[Information supplied]
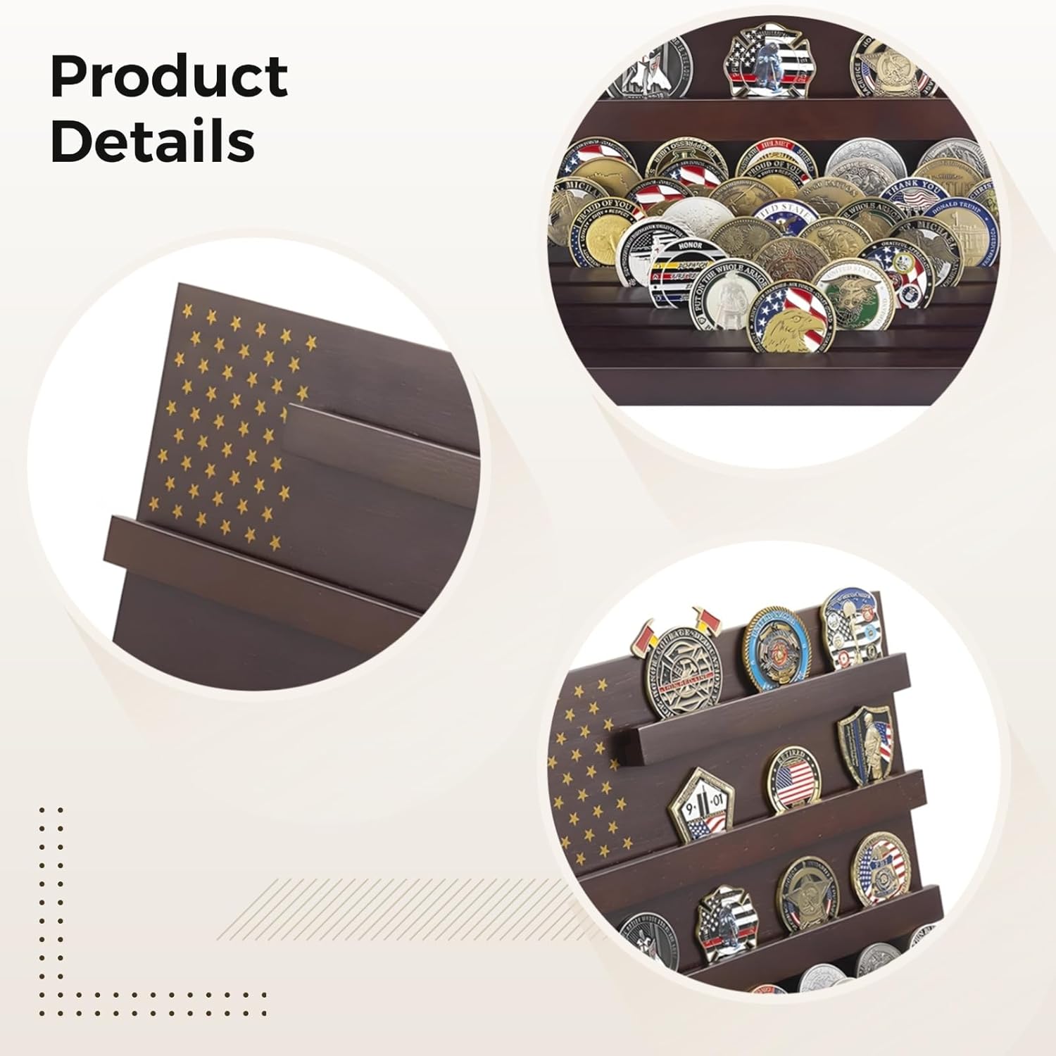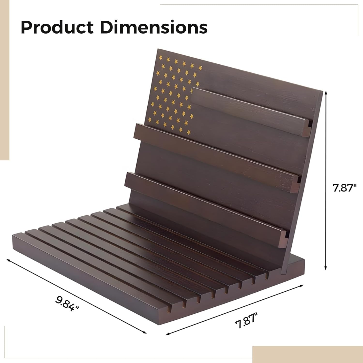 Materiale in legno affidabile: costruito in legno naturale, che garantisce un forte supporto; progettato per conservare monete a lungo termine Artigianato dettagliato: ogni pezzo è accuratamente realizzato a mano con attenzione ai dettagli; offre bellezza e praticità per i collezionisti Decorazione con bandiera a stella: il design della bandiera americana dà un tocco patriottico, per monete, medaglie e altri ricordi Grande capacità: include slot verticali e orizzontali per ospitare fino a 100 monete; per esporre una collezione in crescita Elegante e pratico: legno nero con base piatta; un espositore elegante e salvaspazio che si abbina a qualsiasi arredamento della stanza
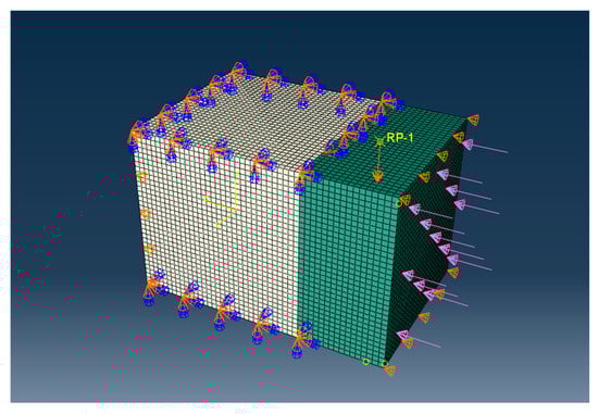 The boundary conditions were established in accordance with the actual constraints and loading conditions in shearing test, as depicted in Figure 6. The top and bottom surfaces of NC were rigidly fixed, and the left side was constrained to restrict transverse displacement. A lateral constraint was applied to the right side of the UHPC to prevent lateral translation or tilting, and a small transverse load of 100 N was also applied on the right side of the UHPC to ensure close contact between the UHPC and the PTFE plate during testing. This load can also minimize the friction during the test. Given that the coefficient of friction between the PTFE plate and steel is less than 1, the friction during the shear test is below 100 N, which is much smaller than the failure load in the shear test (less than 0.5%) and has negligible influence on the testing result.
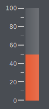 import QtQuick 2.2 import QtQuick.Controls 1.1 import QtQuick.Enterprise.Controls 1.3 import QtQuick.Enterprise.Controls.Styles 1.3 Rectangle { width: 100 height: 220 color: "#494d53" Gauge { value: 50 tickmarkStepSize: 20 minorTickmarkCount: 1 font.pixelSize: 15 anchors.centerIn: parent anchors.horizontalCenterOffset: -4 style: GaugeStyle { valueBar: Rectangle { color: "#e34c22" implicitWidth: 28 } foreground: null tickmark: Item { implicitWidth: 8 implicitHeight: 4 Rectangle { x: control.tickmarkAlignment === Qt.AlignLeft || control.tickmarkAlignment === Qt.AlignTop ? parent.implicitWidth : -28 width: 28 height: parent.height color: "#ffffff" } } minorTickmark: Item { implicitWidth: 8 implicitHeight: 2 Rectangle { x: control.tickmarkAlignment === Qt.AlignLeft || control.tickmarkAlignment === Qt.AlignTop ? parent.implicitWidth : -28 width: 28 height: parent.height color: "#ffffff" } } } } }

[Assignment] Copy out each line of the data exactly as it reads; skip the pictures.

[Solution for this problem]
 Materiale in legno affidabile: costruito in legno naturale, che garantisce un forte supporto; progettato per conservare monete a lungo termine Artigianato dettagliato: ogni pezzo è accuratamente realizzato a mano con attenzione ai dettagli; offre bellezza e praticità per i collezionisti Decorazione con bandiera a stella: il design della bandiera americana dà un tocco patriottico, per monete, medaglie e altri ricordi Grande capacità: include slot verticali e orizzontali per ospitare fino a 100 monete; per esporre una collezione in crescita Elegante e pratico: legno nero con base piatta; un espositore elegante e salvaspazio che si abbina a qualsiasi arredamento della stanza
 The boundary conditions were established in accordance with the actual constraints and loading conditions in shearing test, as depicted in Figure 6. The top and bottom surfaces of NC were rigidly fixed, and the left side was constrained to restrict transverse displacement. A lateral constraint was applied to the right side of the UHPC to prevent lateral translation or tilting, and a small transverse load of 100 N was also applied on the right side of the UHPC to ensure close contact between the UHPC and the PTFE plate during testing. This load can also minimize the friction during the test. Given that the coefficient of friction between the PTFE plate and steel is less than 1, the friction during the shear test is below 100 N, which is much smaller than the failure load in the shear test (less than 0.5%) and has negligible influence on the testing result.
 import QtQuick 2.2 import QtQuick.Controls 1.1 import QtQuick.Enterprise.Controls 1.3 import QtQuick.Enterprise.Controls.Styles 1.3 Rectangle { width: 100 height: 220 color: "#494d53" Gauge { value: 50 tickmarkStepSize: 20 minorTickmarkCount: 1 font.pixelSize: 15 anchors.centerIn: parent anchors.horizontalCenterOffset: -4 style: GaugeStyle { valueBar: Rectangle { color: "#e34c22" implicitWidth: 28 } foreground: null tickmark: Item { implicitWidth: 8 implicitHeight: 4 Rectangle { x: control.tickmarkAlignment === Qt.AlignLeft || control.tickmarkAlignment === Qt.AlignTop ? parent.implicitWidth : -28 width: 28 height: parent.height color: "#ffffff" } } minorTickmark: Item { implicitWidth: 8 implicitHeight: 2 Rectangle { x: control.tickmarkAlignment === Qt.AlignLeft || control.tickmarkAlignment === Qt.AlignTop ? parent.implicitWidth : -28 width: 28 height: parent.height color: "#ffffff" } } } } }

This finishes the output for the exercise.